WHAT THE TASK REQUIRES:
Exact copy, pictures excluded: output the lines from the opening of the entries through the line bearing "Keep peace within".

SUPPLIED DATA:
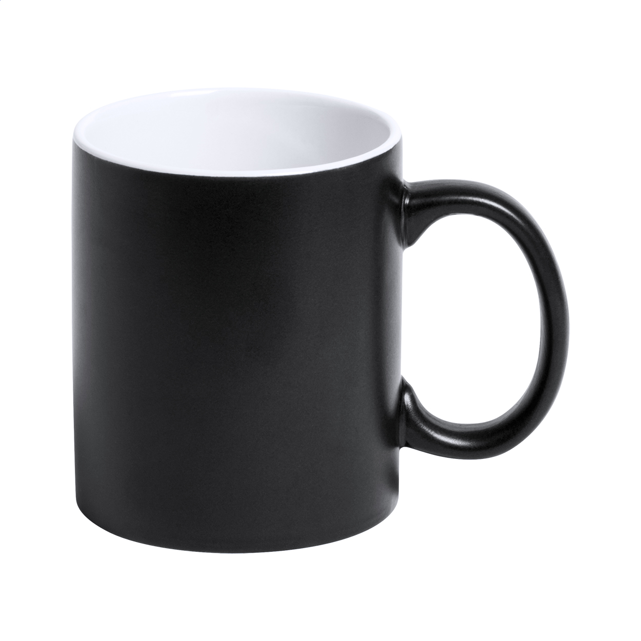 Цветна керамична чаша с бяла вътрешност. Със специално покритие за гравиране, гравираното лого съответства на цвета на вътрешността.
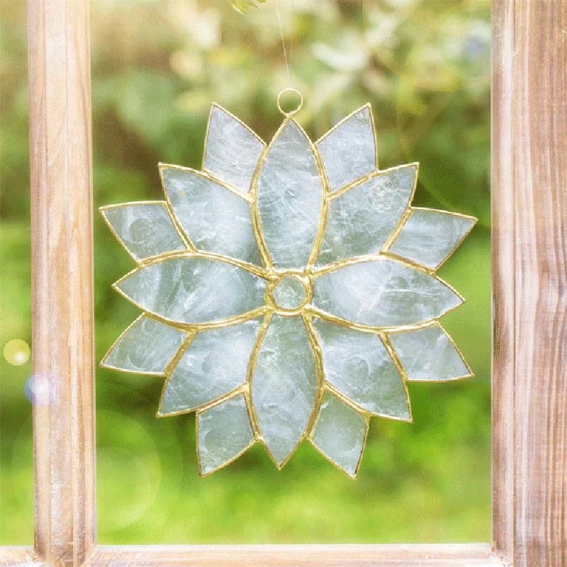 Tauchen Sie in die sanfte Magie des Fensterhängers aus natürlicher Capiz-Muschel, geformt als Lotus mit 16 Blütenblättern, ein. Im Fenster aufgehängt, fängt er das Sonnenlicht ein und verbreitet es sanft im Raum. So entsteht eine subtile, erbauliche Atmosphäre.
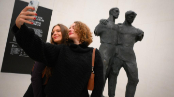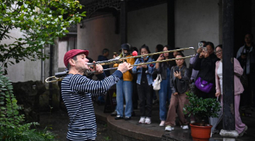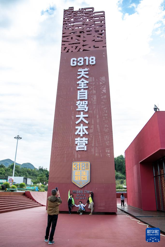 10月27日,游客在位于四川省雅安市的318公路文化体验馆参观留影。
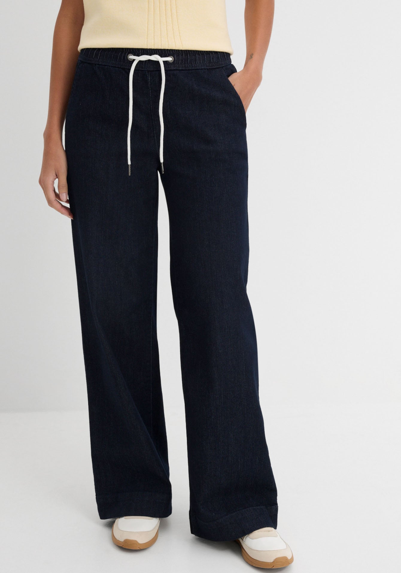 - Weite Jeans mit seitlichem Teilgummibund, mit Bindegürtel, mit breitem SaumbonprixAktueller Preisab 28,99 €
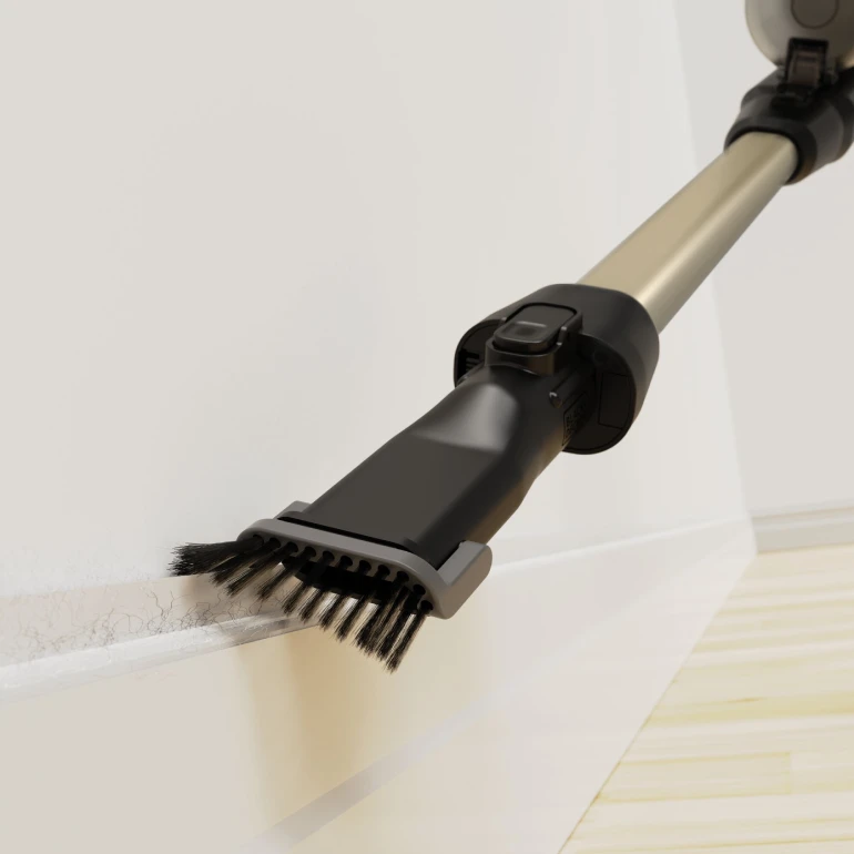 Με το αποσπώμενο κοντάρι και τα πολλά εξαρτήματα, μπορείς εύκολα να προσαρμόσεις τη σκούπα για κάθε καθαρισμό στο σπίτι σου. Μετατρέπεται γρήγορα σε χειρός, ιδανική για πάγκους και σκάλες!
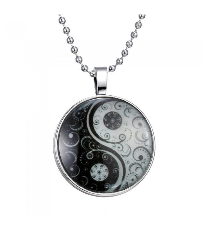 Keep peace within yourself with this yin and yang inspired glow in the dark necklace. This stunning necklace can be worn on any occasion. Yin and Yang is one of the most important spiritual symbols. Yin and Yang is the energy of the entire universe, truth, supreme spirit, and absolute consciousness. This handcrafted pendant is 1 inch wide with a glass dome top. The stainless steel ball chain is 60cm in length and this inspirational piece of jewellery can be worn by either sex.
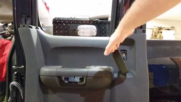 Este paso requiere sacar el panel de la puerta del vehículo para que las frentes las tuercas en T pueden instalarse por detrás para evitar cualquier desliz. Después de quitar los plásticos es necesarios taladrar los orificios marcados en el paso anterior. Tenga cuidado de no taladrar cualquier presillas que sujetan los plásticos a la puerta.

RESULT BELOW:
 Цветна керамична чаша с бяла вътрешност. Със специално покритие за гравиране, гравираното лого съответства на цвета на вътрешността.
 Tauchen Sie in die sanfte Magie des Fensterhängers aus natürlicher Capiz-Muschel, geformt als Lotus mit 16 Blütenblättern, ein. Im Fenster aufgehängt, fängt er das Sonnenlicht ein und verbreitet es sanft im Raum. So entsteht eine subtile, erbauliche Atmosphäre.
 10月27日,游客在位于四川省雅安市的318公路文化体验馆参观留影。
 - Weite Jeans mit seitlichem Teilgummibund, mit Bindegürtel, mit breitem SaumbonprixAktueller Preisab 28,99 €
 Με το αποσπώμενο κοντάρι και τα πολλά εξαρτήματα, μπορείς εύκολα να προσαρμόσεις τη σκούπα για κάθε καθαρισμό στο σπίτι σου. Μετατρέπεται γρήγορα σε χειρός, ιδανική για πάγκους και σκάλες!
 Keep peace within yourself with this yin and yang inspired glow in the dark necklace. This stunning necklace can be worn on any occasion. Yin and Yang is one of the most important spiritual symbols. Yin and Yang is the energy of the entire universe, truth, supreme spirit, and absolute consciousness. This handcrafted pendant is 1 inch wide with a glass dome top. The stainless steel ball chain is 60cm in length and this inspirational piece of jewellery can be worn by either sex.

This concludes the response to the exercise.